Discourse & Dialogue
Active learning in annotating micro-blogs dealing with e-reputation
Cossu, Jean-Valère, Molina-Villegas, Alejandro, Tello-Signoret, Mariana
Elections unleash strong political views on Twitter, but what do people really think about politics? Opinion and trend mining on micro blogs dealing with politics has recently attracted researchers in several fields including Information Retrieval and Machine Learning (ML). Since the performance of ML and Natural Language Processing (NLP) approaches are limited by the amount and quality of data available, one promising alternative for some tasks is the automatic propagation of expert annotations. This paper intends to develop a so-called active learning process for automatically annotating French language tweets that deal with the image (i.e., representation, web reputation) of politicians.
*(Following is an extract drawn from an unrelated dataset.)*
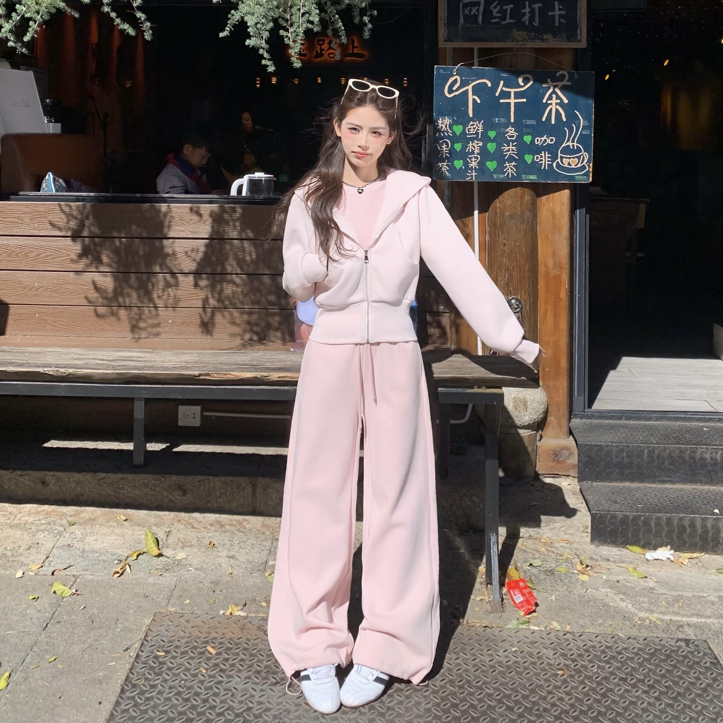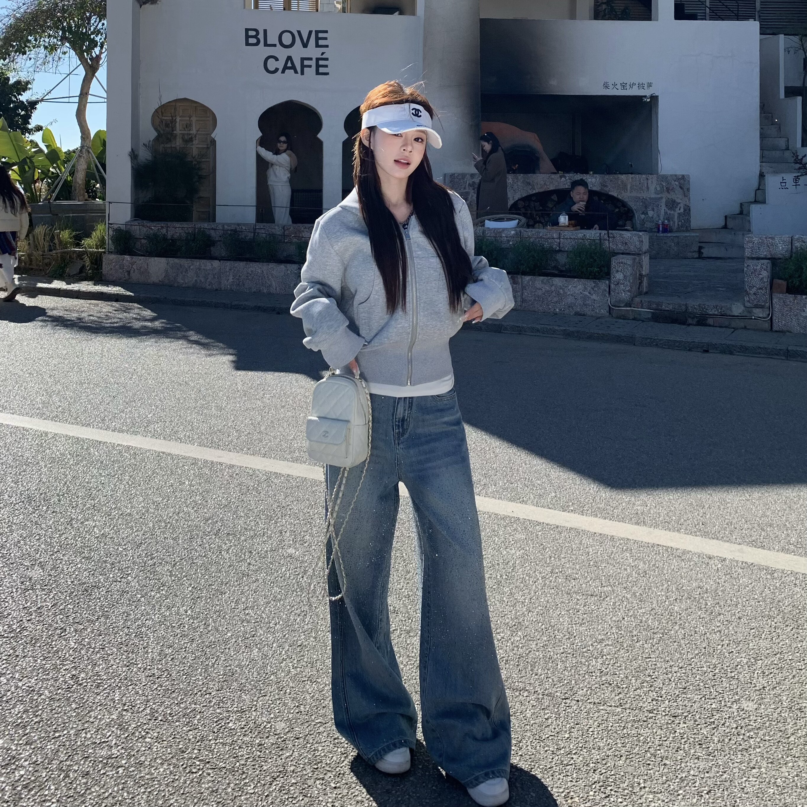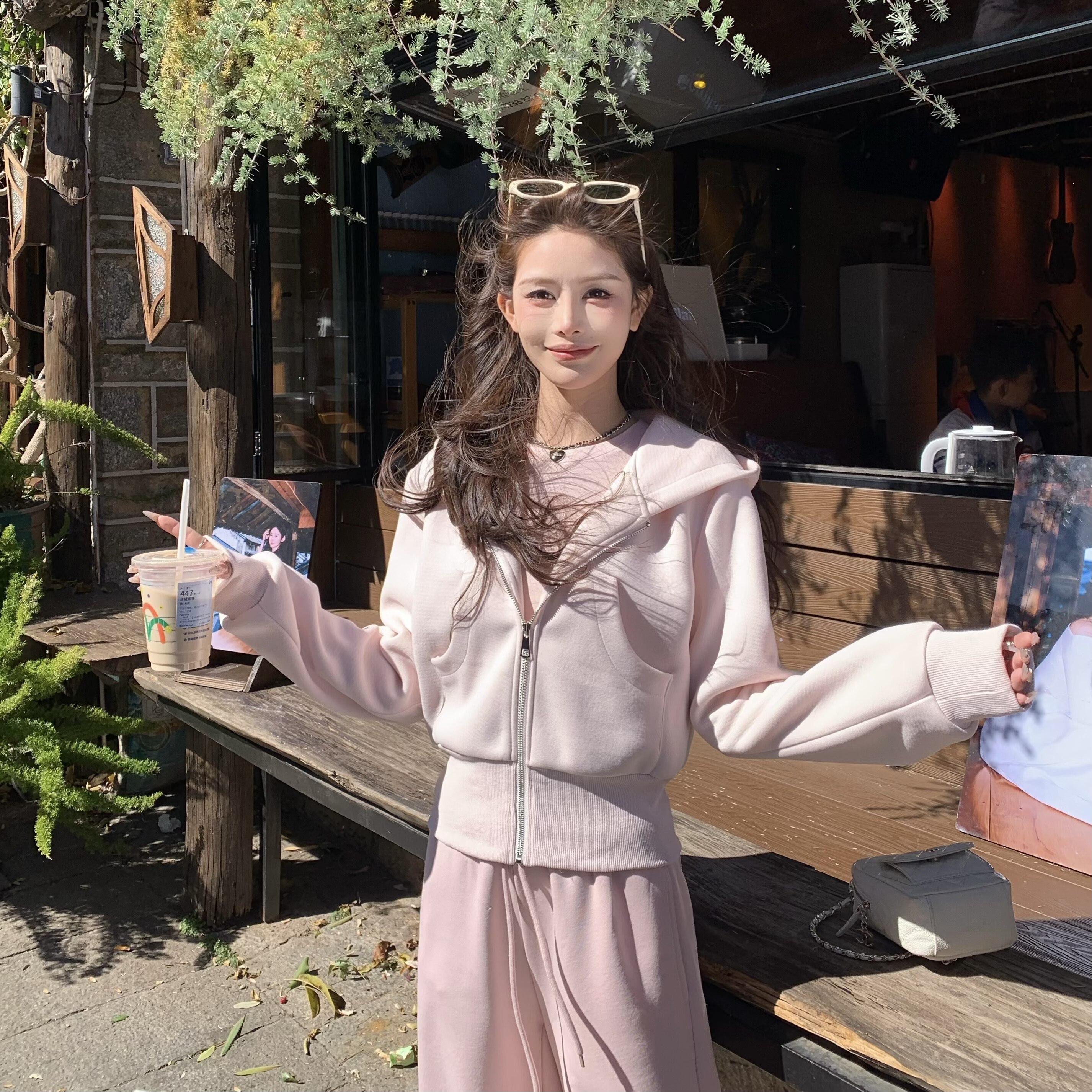 3MER哦哦三妹 韩系慵懒收腰连帽短款开衫卫衣女春季新款拉链外套
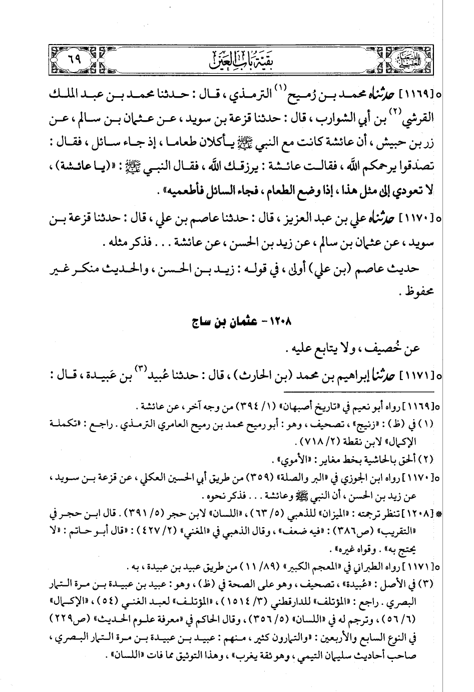 [1169] (1) حدثناه محمد بن رُميح (2) الترمذي، قال: حدثنا محمد بن عبد الملك القرشي (3) بن أبي الشوارب، قال: حدثنا قزعة بن سويد، عن عثمان بن سالم، عن زر بن حبيش، أن عائشة كانت مع النبي صلى الله عليه وسلمع يأكلان طعاما، إذ جاء سائل، فقال: تصدقوا يرحمكم الله، فقالت عائشة: يرزقك الله، فقال النبي صلى الله عليه وسلمع: «(يا عائشة)، لا تعودي إلى مثل هذا، إذا وضع الطعام، فجاء السائل فأطعميه».

Our main focus is on the methodology followed to build an original annotated dataset expressing opinion from two French politicians over time. We therefore review state of the art NLP-based ML algorithms to automatically annotate tweets using a manual initiation step as bootstrap. This paper focuses on key issues about active learning while building a large annotated data set from noise. This will be introduced by human annotators, abundance of data and the label distribution across data and entities. In turn, we show that Twitter characteristics such as the author's name or hashtags can be considered as the bearing point to not only improve automatic systems for Opinion Mining (OM) and Topic Classification but also to reduce noise in human annotations. However, a later thorough analysis shows that reducing noise might induce the loss of crucial information.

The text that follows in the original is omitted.